*** Opening Record excerpts ***

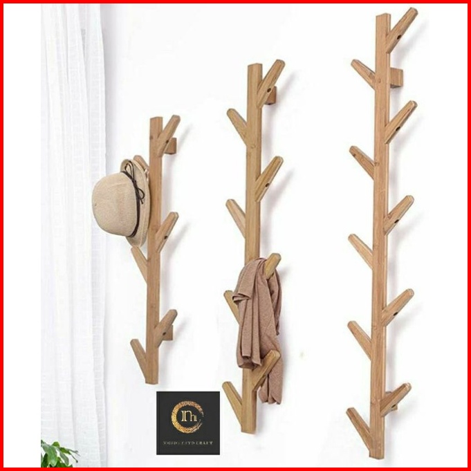 Gantungan Baju Dinding Hanger Kayu Holder Topi Handuk Baju
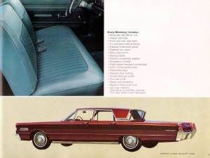 The Monterey had a more “slab sided” look than the Galaxie, and it had horizontal headlamps compared to the Galxie’s stacked headlamps. Mercury also had an exclusive 410 cubic inch (6.7L) engine starting in 1966, which was available on the Monterey and was never available in the Galaxie.
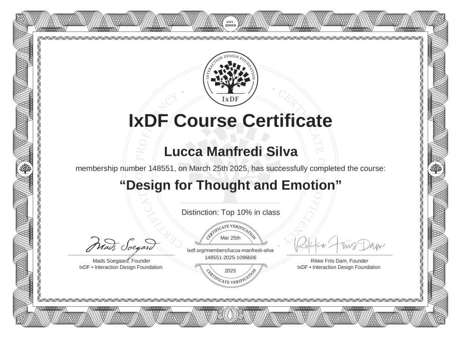Lucca Manfredi Silva's IxDF Course Certificate: Design for Thought and Emotion
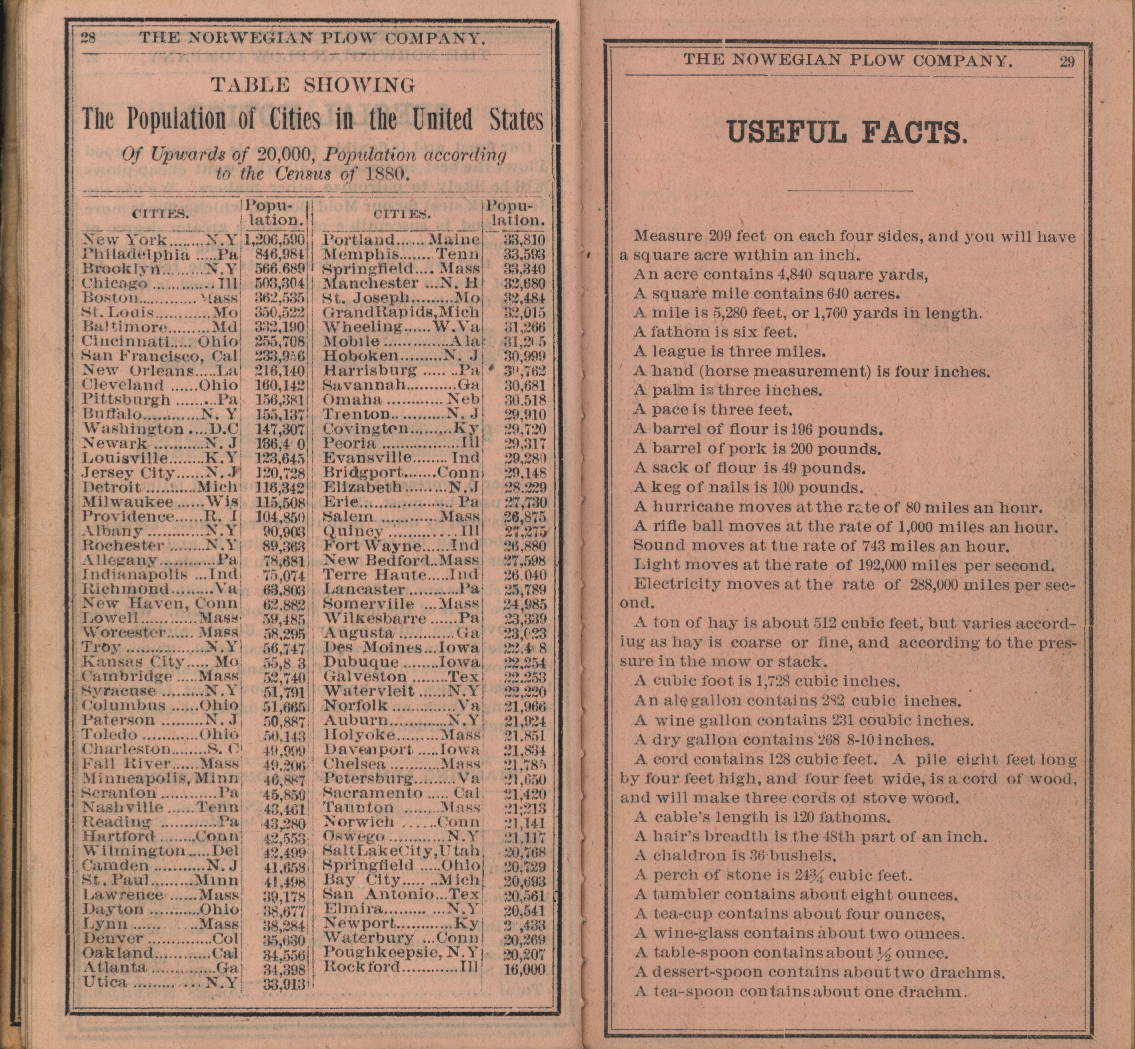 - "Norwegian Plow Company Agricultural Works 1884 catalog", Agricultural Machinery Literature Collection, Iowa State University Library Digital Collections
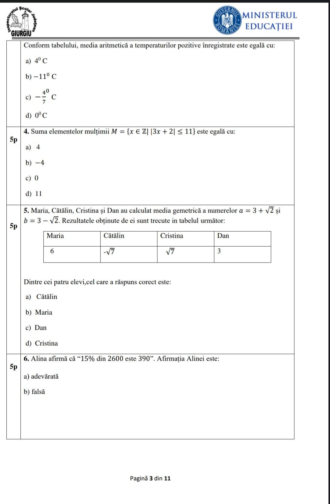 5. Patru elevi, Elena, Maria, George și Mihai, au calculat media geometrică a numerelor y= 3 -2√2 și y= 3+2√2 și au obținut următoarele rezultate:

*** Closing Record excerpts ***

Task brief: The data above holds the lines to copy: start at the one with "Lucca Manfredi Silva's", stop at the one with "Library Digital Collections", include both, copy them exactly without pictures, and copy nothing else.

Result of the task:
Lucca Manfredi Silva's IxDF Course Certificate: Design for Thought and Emotion
 - "Norwegian Plow Company Agricultural Works 1884 catalog", Agricultural Machinery Literature Collection, Iowa State University Library Digital Collections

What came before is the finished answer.